Antigens and Antigen-Presenting Molecules for γδ T Cells

Patients with relapsed or refractory acute myeloid leukemia (AML) are at increased risk of mortality. Higher γδ T cell count in a bone marrow or peripheral blood of patients with leukemia is associated with better survival. However, γδ T cells are rare in the blood and functionally impaired or exhausted in patients with malignancies. Promising results are reported on the treatment of various malignancies with in vivo expansion of autologous γδ T cells using zoledronic acid (zol) and IL-2. Here we demonstrated that zol and IL-2, in combination with a novel genetically engineered K562 CD3/CD137L/CD28/IL15RA quadruplet artificial antigen presenting cell (aAPC), efficiently expand allogeneic donor-derived γδ T cells using a GMP-compliant protocol sufficient to achieve cell doses for future clinical use. We achieved a 633-fold expansion of γδ T cells after day 10 of co-culture with aAPC, the majority of which exhibited central (47%) and effector (43%) memory phenotypes. Additionally, >90% of the expanded γδ T cells expressed NKG2D, while they have low cell surface expression of PD1 and LAG2 inhibitory checkpoint receptors.
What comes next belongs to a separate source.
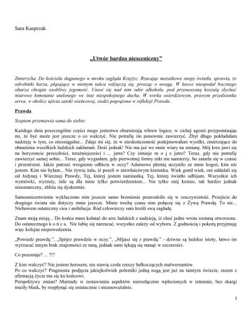 Sara Kasprzak ,,Utwór bardzo niesceniczny” Zmierzcha. Do kościoła skąpanego w mroku zagląda Księżyc. Rzucając mozaikowe snopy światła, sprawia, że odrobinki kurzu, pląsające w niemym tańcu wdzięczą się, prosząc o uwagę. W ławce nieopodal bocznego ołtarza chrapie osobliwy jegomość. Unosi się nad nim odór alkoholu, pod przenoszoną koszulą słychać miarowe łomotanie utulonego we śnie niespokojnego ducha. W worku osierdziowym, prawym przedsionku serca, w okolicy ujścia zatoki wieńcowej, siedzi pogrążona w refleksji Prawda. Prawda Szeptem przemawia sama do siebie: Każdego dnia poszczególne części mego jestestwa obumierają wbrew logice, w cichej agonii przypominając mi, że być może jest jeszcze o co walczyć. Nie potrafię im ponownie zawierzyć. Zbyt długo pokładałam nadzieję w tym, co nieosiągalne... Zdaje mi się, że w nieskończoność podejmowałam wysiłki, zmierzające do obnażenia wszelkich ludzkich zakłamań. Dość jednak! Nie ma już we mnie wiary na zmianę. Mój kres jawi się na horyzoncie przeszłości, teraźniejszości i ... jutra? Czy istnieje m o j e jutro? Teraz, gdy nie potrafię zawierzyć samej sobie... Teraz, gdy wygasłam, gdy pierwotnej formy nikt nie namierzy, bo zatarła się w czasie i przestrzeni. Jakże patrzeć wrogiemu odbiciu w oczy? Adamowe plemię uczyniło ze mnie kogoś, kim nie jestem. Kim nie byłam... Nie żywię żalu, iż poszli w niewłaściwym kierunku. Wiek gonił wiek, oni oddalali się od Jedynej i Wiecznej Prawdy, Tej, której jestem namiastką. Tej, której światło odbijam. Wszystkie ich wymówki, wyrzuty, żale są dla mnie tylko potwierdzeniem... Nie tylko mój koniec, tak bardzo jednak nieostateczny, zbliża się dyskretnie. Samounicestwienie wykluczono nim jeszcze samo brzmienie przerodziło się w rzeczywistość. Przejście do drugiego świata nie dotyczy mnie jeszcze. Minie trochę czasu nim połączę się z Żywą Prawdą. To nic... Niebawem ostateczny cios i anihilacja. Ród człowieczy sam kreśli swą zagładę. Znam moją misję... Do końca mam kołatać do serc ludzkich z nadzieją, iż choć jedne wrota zostaną otworzone. Do ostatecznego k o ń c a. Nie lubię się narzucać, wszystko zależy od wyboru. Z godnością i pokorą przyjmuję więc kolejne niepowodzenia. „Powiedz prawdę.”, „Spójrz prawdzie w oczy.”, „Mijasz się z prawdą.” - dziwne są ludzkie istoty, łatwo im wyrzucać innym brak znajomości ze mną, jednak sami lękają się stanąć w szczerości. Co pozostaje? ... ?!? Z kim walczyć? Nie jestem herosem, nie stawię czoła rzeszy bełkoczących malwersantów. Po co walczyć? Pragnienie podjęcia jakiejkolwiek polemiki jedną nogą jest już na tamtym świecie, razem z afirmacją życia ma się ku końcowi. Perspektywy zmian? Marniały w zestawieniu aspektów nierozłącznie wplecionych w istnienie, bez skargi traciły blask, by rozpłynąć się ostatecznie i niezauważalnie. 1 Nie oszukuję się... O iluzoryczna ideo! Jakże mogłabym zadać kłam samej sobie? Koniec nadejdzie, przyjdzie niebawem... Mój kres będzie jednak inny... P o ł ą c z e n i e. Słychać kroki. Z okolic żyły głównej aorty powoli wyłaniają się pojedyncze dźwięki, śmiechy i wesołe pokrzykiwania. Do serca dostają się Miłość, Wiara i Nadzieja. Nim jedno serca bicie przeminie, już Prawda śle ukłony w stronę przybyłych i serdecznie się z nimi wita. Nastrój w prawym przedsionku wyraźnie zmienia się, melancholia na chwilę ustępuje beztrosce. Nadzieja wyraźnie uradowana spotkaniem Chwycić raz jeszcze obraz Twój oczami, przyuważyć jasności kształty płynne... Nie śmiałam śnić. Tyle czasu już w rozłące... Finezja - zdumienie, gdy lśnienie opływa nas w bieli. Powab esencję w wir przedziwny sprasza... I pragnę posiąść i chwycić muszę nieskazitelności rozkosz Twoją. Zrywam tchnienie, by walcować tu i nucić, zwinnie wkradam się w blask Blasku, by scalić niepojętość. Prawda dyskretnie ocierając lękliwie spływającą po strukturze nieskazitelną substancję Nie widzisz m n i e. Obraz pradawny, obraz odległy zawitał przed spojrzeniem kwintesencji istnienia Twego. Z tejże samej materii powstałe, odrazy wynaturzeń ludzkich na nas płodzonych ujrzeć nie chcemy. Dziewicza postać moja przed Tobą się obnaża, choć od w t e d y, mnie samej nie dano uchwycić artyzmu kryształów konstelacji barw, należącej do mnie w istocie. Zapomniałam... Zapomniałam, kim jestem. Kim byłam... Spójrz dokładniej. Nadzieja Choć dostrzegam urok stary, słowa Twoje zmianę wnoszą. Drobne skazy u podstawy cień w jasności Twej rozproszyć zdołały. Skąd myśl, że przekształcenia drobne gorsze, niż minione wdzięki? Wiara Zasmucona chwyta Prawdę za ręce, by spenetrować jej wnętrze przenikliwością. Widzi nagą pustkę, skuloną między jednym promień światła a przebłyskiem prostoty. Brak zawierzenia w cokolwiek i nic, wyraźnie ją niepokoi. Kuzynko, czemuż to strapienie Cię przepełnia. Skąd boleści gorzkie dźwięki w mowę Twoją się wkradają? Wdzięczna szczerość Twoja nieprzerwanie ostoją była dla nas. Kroczyć ślepo Twym szlakiem? Ruszę zrazu. Żadna wyrwa mi niestraszna, mosty Twoje wytrzymały nazbyt wiele. Przewodnikiem moimś, gwiazdą, co do szczęścia przywodzi. Któż moc ma by skalać nieskalane? Nie uwierzę, że potęga jakaś mroczna światło Twoje przykryć zdolna. W pomieszczeniu gości się nieprzerywalna Cisza. Nawet najbardziej zmysłowe tony nie otrzymają pozwolenia dostępu. Cisza przenika, ukaja i rozdziera. Siostry patrzą na Prawdę i oczekują rozpieczętowania tajemnicy. Prawda smutna, odwraca się tyłem do rozmówczyń, nastrój wyraźnie p o n u r z e j e Człowiek.... Nadzieja Człowiek? To jakby woda góry obalić była zdolna. Czy źdźbło kołysane na wietrze opór stawić mu zdolne? Jak płatek śniegu ma się do ognia? Cień miałby Słońcu zagrozić? Świat wcią

In vitro real-time cytotoxicity analysis showed that expanded, previously cryopreserved, γδ T cells were effective in killing target cells. Our results demonstrate that large scale ex vivo expansion of donor-derived γδ T cells can be achieved with the use of CD3/CD137L/CD28/IL15RA quadruplet aAPC and zol/IL-2 for clinical application as promising antineoplastic immunotherapy. Figure 1 Disclosures Lancet: Abbvie: Consultancy; Agios Pharmaceuticals: Consultancy, Honoraria; Astellas Pharma: Consultancy; Celgene: Consultancy, Research Funding; Daiichi Sankyo: Consultancy; ElevateBio Management: Consultancy; Jazz Pharmaceuticals: Consultancy; Pfizer: Consultancy. Sallman:Celgene, Jazz Pharma: Research Funding; Agios, Bristol Myers Squibb, Celyad Oncology, Incyte, Intellia Therapeutics, Kite Pharma, Novartis, Syndax: Consultancy. Bejanyan:Kiadis Pharma: Membership on an entity's Board of Directors or advisory committees.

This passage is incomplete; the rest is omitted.